In southern Tasmania, in particular, workers in the electorates of Franklin and Denison are set to lose between $12.6 million and $23.5 million a year, if a partial abolition of penalty rates were to proceed. So, as you can see, the effects of changes to penalty rates will have a significant impact. I would like to thank both the SDA and United Voice, who I know do great work representing the members of their unions.
I have to ask myself as a Tasmanian senator—and there are a couple of others in the chamber—what would the impact on the Tasmanian economy be, if there was $131.6 million dollars less in Tasmanian workers’ pockets to spend in their community? Let me tell you: it would be an utter disaster.
Labor understands the concerns of small business, but a survey for the restaurant and catering industry found that 90 per cent of the businesses surveyed opened on a Sunday and, of those, more than half did so because they made a profit. I know that there are a large number of Tasmanian businesses that have come out in favour of penalty rates—Earthy Eats and Aromas Cafe, both in Launceston; Ginger Brown cafe, Shamrock Hotel, Kornet salt sugar coffee and the Brunswick Hotel, all in Hobart, support penalty rates for their workers, and I thank them for their support.
While the government is hiding behind the Productivity Commission to hide their plans to cut penalty rates, Labor is actually talking to the people that will be affected.
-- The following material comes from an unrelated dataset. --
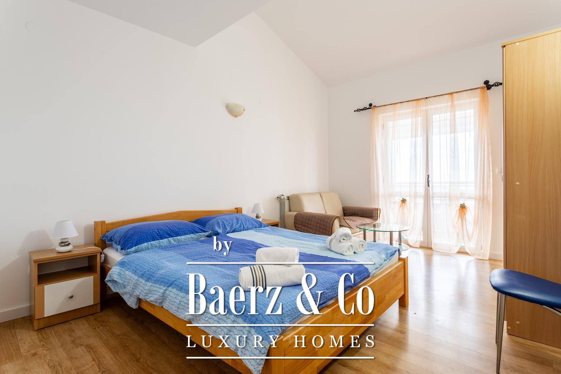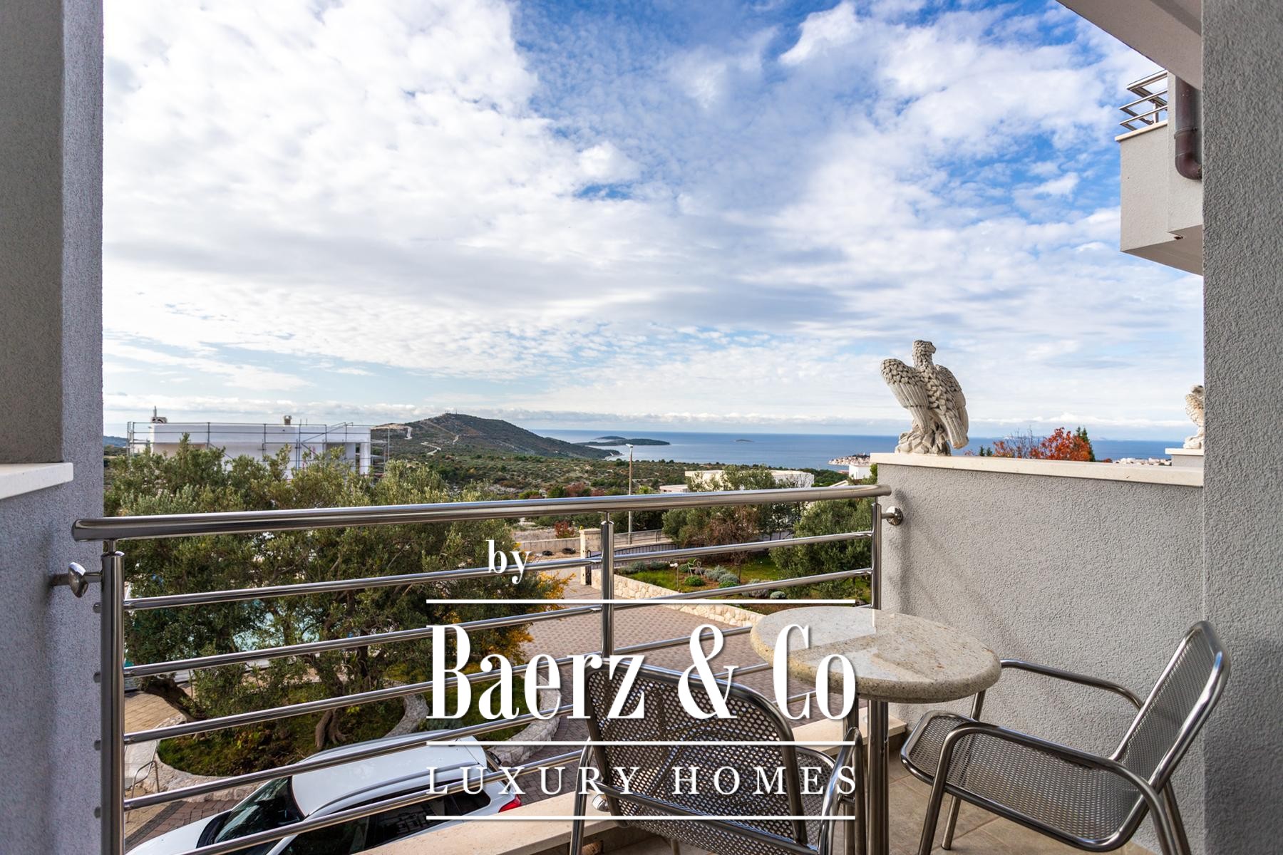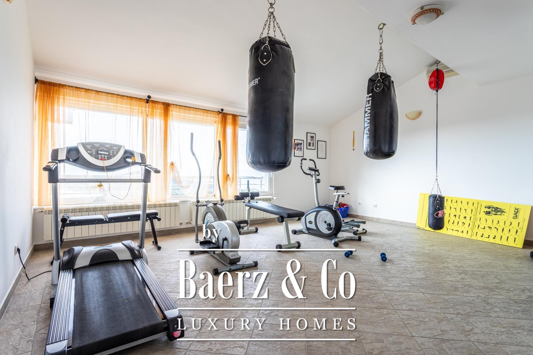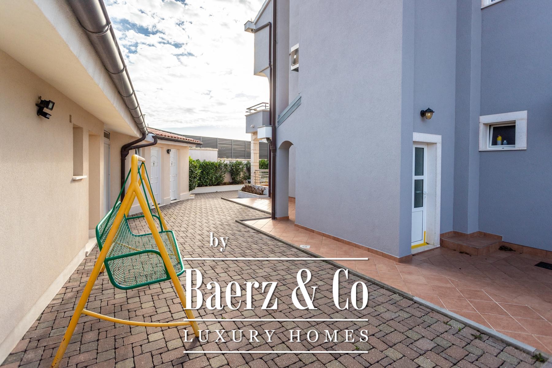 Villa Primošten is a property defined by its clear geometry, sea views, and the discreet luxury of space. This villa, built in 2001, comprises 1,052 m² of living area set on a 1,536 m² plot, offering a rare scale and privacy. The layout spans three levels. The ground floor introduces a kitchen, living room, and dining space along with two well-proportioned bedrooms and a studio apartment complete with its own bath. Each of the two upper floors houses two independent apartments, each featuring two bedrooms, a bathroom, an open kitchen and dining area, and private terraces framing uninterrupted sea views. A fully equipped gym is situated on the second floor. Central heating ensures year-round comfort. Outside, a 110 m² swimming pool with integrated sprinklers is ringed by mature greenery and a thoughtfully landscaped yard. Auxiliary spaces include outdoor restrooms, a tavern, bar, laundry room, tool shed, generator room, and a covered parking area for six cars. The villa is offered fully furnished and equipped, supporting either private enjoyment or continued focus as a luxury villa for sale in Primošten.

We formed the Fair Work Taskforce so we could give people—particularly workers—an opportunity to talk about how the Abbott, and now Turnbull, government’s attacks on jobs, wages and conditions will affect them. I was really pleased to be asked by the shadow minister to be part of that task force. It has also been an opportunity for a conversation about what the government could be doing to create the high-skill jobs of the future, by investing in skills and training, infrastructure, innovation and entrepreneurship.
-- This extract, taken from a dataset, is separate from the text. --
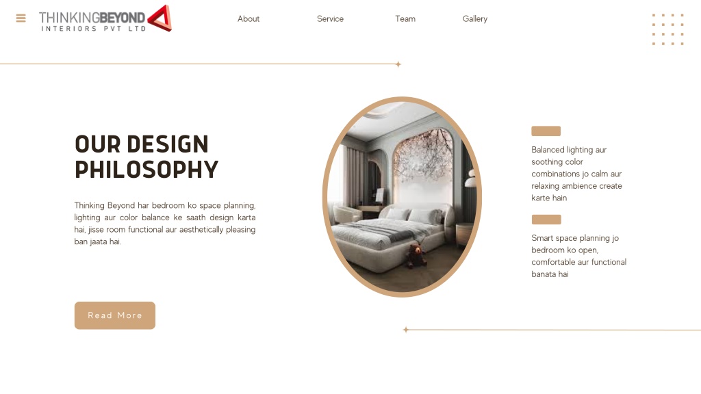 About Service Team Gallery OUR DESIGN PHILOSOPHY Balanced lighting aur soothing color combinations jo calm aur relaxing ambience create karte hain Thinking Beyond har bedroom ko space planning, lighting aur color balance ke saath design karta hai, jisse room functional aur aesthetically pleasing ban jaata hai. Smart space planning jo bedroom ko open, comfortable aur functional banata hai Read More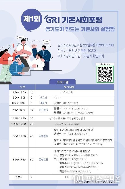 프레스유니온 김성길 기자 | 경기연구원은 오는 23일 오후 3시 수원컨벤션센터 403호에서 ‘경기도가 만드는 기본사회 실험장’을 주제로 ‘제1회 GRI 기본사회포럼’을 개최한다.

Over the two days of hearings in Tasmania, the Fair Work Taskforce heard from workers in aged and disability care, retail and manufacturing about the importance of penalty rates to them and their families; university academics about the impact of casualisation on their job security; and a whole range of people with concerns about what was happening in the industrial relations area.
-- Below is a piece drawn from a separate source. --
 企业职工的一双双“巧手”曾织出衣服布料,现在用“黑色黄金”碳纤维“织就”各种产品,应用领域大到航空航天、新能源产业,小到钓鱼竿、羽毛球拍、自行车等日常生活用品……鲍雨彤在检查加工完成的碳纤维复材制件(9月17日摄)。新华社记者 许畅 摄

On the subject of penalty rates, we heard from workers across a variety of industries. For most of these workers, the penalty rates component comprised about 25 per cent of their pay, but they relied on that extra pay to help them get by. The retail workers, for example, spoke to us about how their penalty rates gave them enough pay to afford luxuries for their families. The luxuries that they were referring to were not a holiday, a house extension or a big flashy car; they were actually talking about weekend sport for the kids or being able to go to the movies. One worker actually said to us that going to McDonalds for dinner from time to time was a luxury for her family—and this government wants to take that away. Another worker said she struggled to get by so much that she once had to borrow money from her 11-year-old daughter to pay her family’s internet bill.
In addition to the financial consequences of cutting penalty rates, we heard from those in the aged and disability care sector that cutting penalty rates would make it extremely difficult for them to attract skilled workers, particularly those who would cover night shifts and weekends—and we need these people.